**Task item**
Produce a verbatim copy of the data below that contains no pictures.

**Supplied material**
▼▼▼
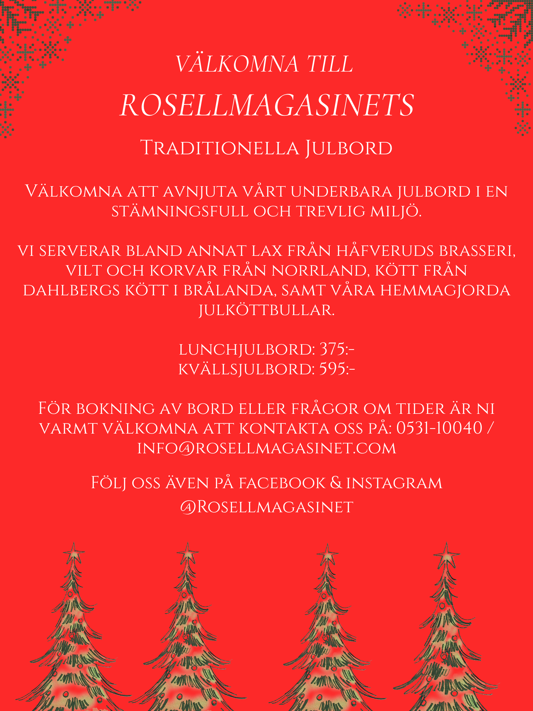 För övriga kvällsjulbord ring för info.
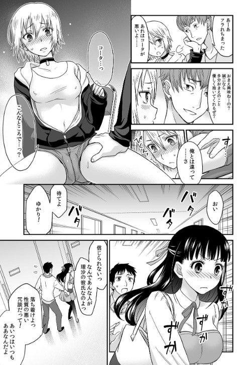 「ちがう…早く突っ込んで揺さぶって欲しいのに…!」深窓の令嬢・ゆかりは、優しくて思いやりのある彼氏・誠二との順調な付き合いを続けている。とある日の事。忘れ物をした誠二がゆかりと教室に戻ると、誠二の友人コータが彼女の理沙と激しいセックスをしている最中だった…。すぐにその場を離れようとするゆかりだったが、その激しいセックスを見て、思いもよらない性欲が噴出。教室の前で尻を突き出し、誠二にセックスをせがんでしまう…。自分でも気づかなかった性欲に戸惑いながらも激しくコータのセックスに惹かれるゆかりだったが…
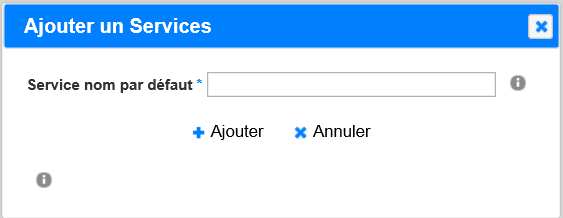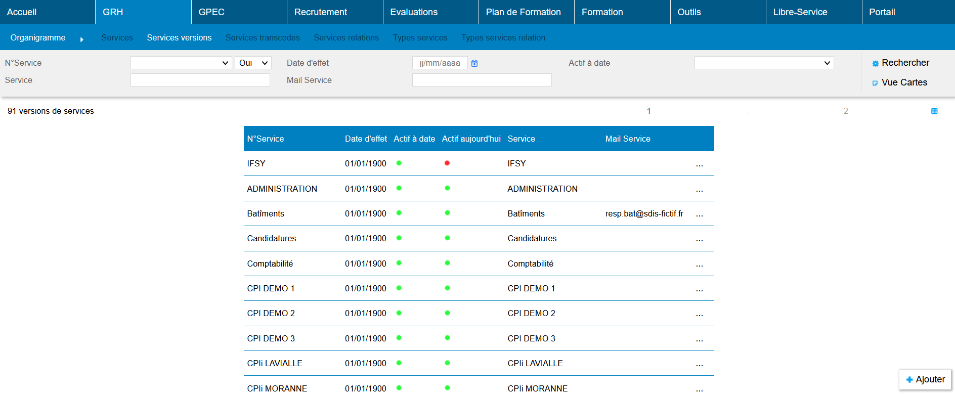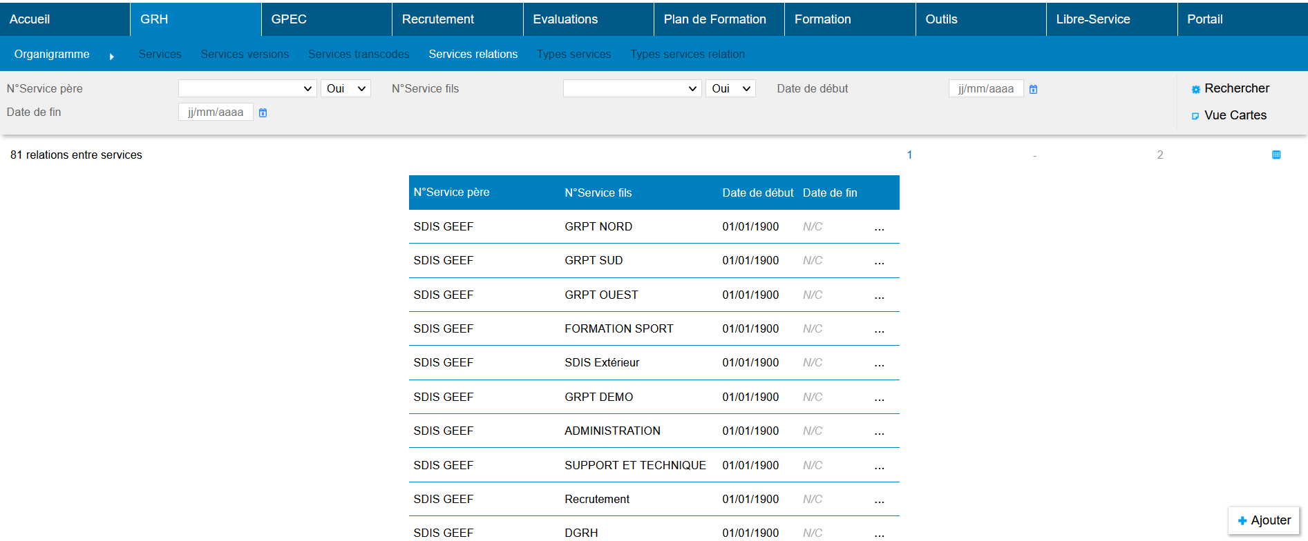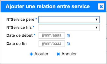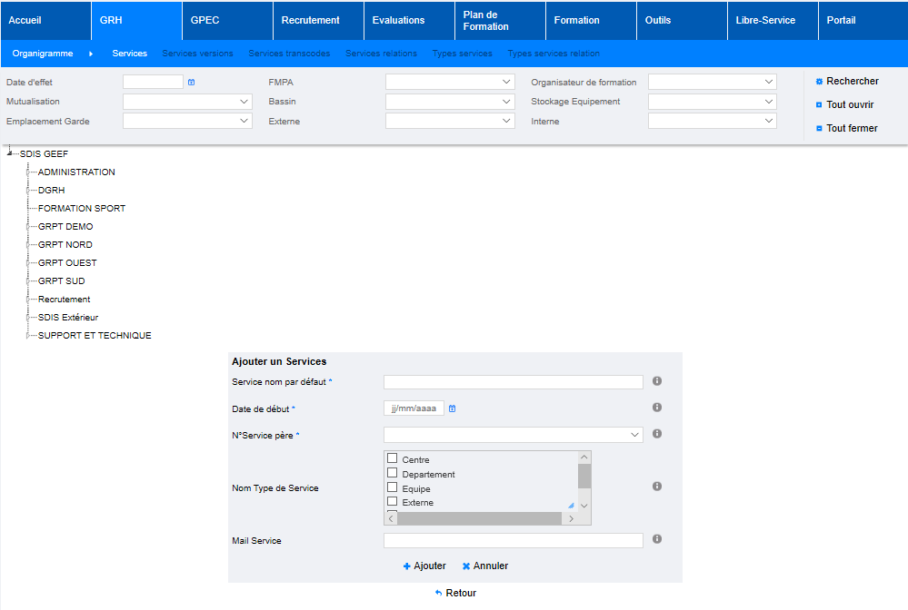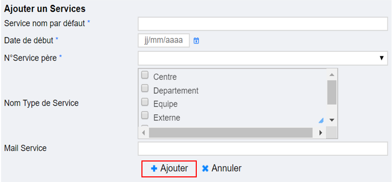 Cliquez sur « Ajouter », afin d’ajouter un nouveau service à votre organigramme, et d’y associer les informations utiles (nom par défaut du service, date de début, n° service père, type de service, mail du service).
▲▲▲
**Your response**
 För övriga kvällsjulbord ring för info.
 「ちがう…早く突っ込んで揺さぶって欲しいのに…!」深窓の令嬢・ゆかりは、優しくて思いやりのある彼氏・誠二との順調な付き合いを続けている。とある日の事。忘れ物をした誠二がゆかりと教室に戻ると、誠二の友人コータが彼女の理沙と激しいセックスをしている最中だった…。すぐにその場を離れようとするゆかりだったが、その激しいセックスを見て、思いもよらない性欲が噴出。教室の前で尻を突き出し、誠二にセックスをせがんでしまう…。自分でも気づかなかった性欲に戸惑いながらも激しくコータのセックスに惹かれるゆかりだったが…
 Cliquez sur « Ajouter », afin d’ajouter un nouveau service à votre organigramme, et d’y associer les informations utiles (nom par défaut du service, date de début, n° service père, type de service, mail du service).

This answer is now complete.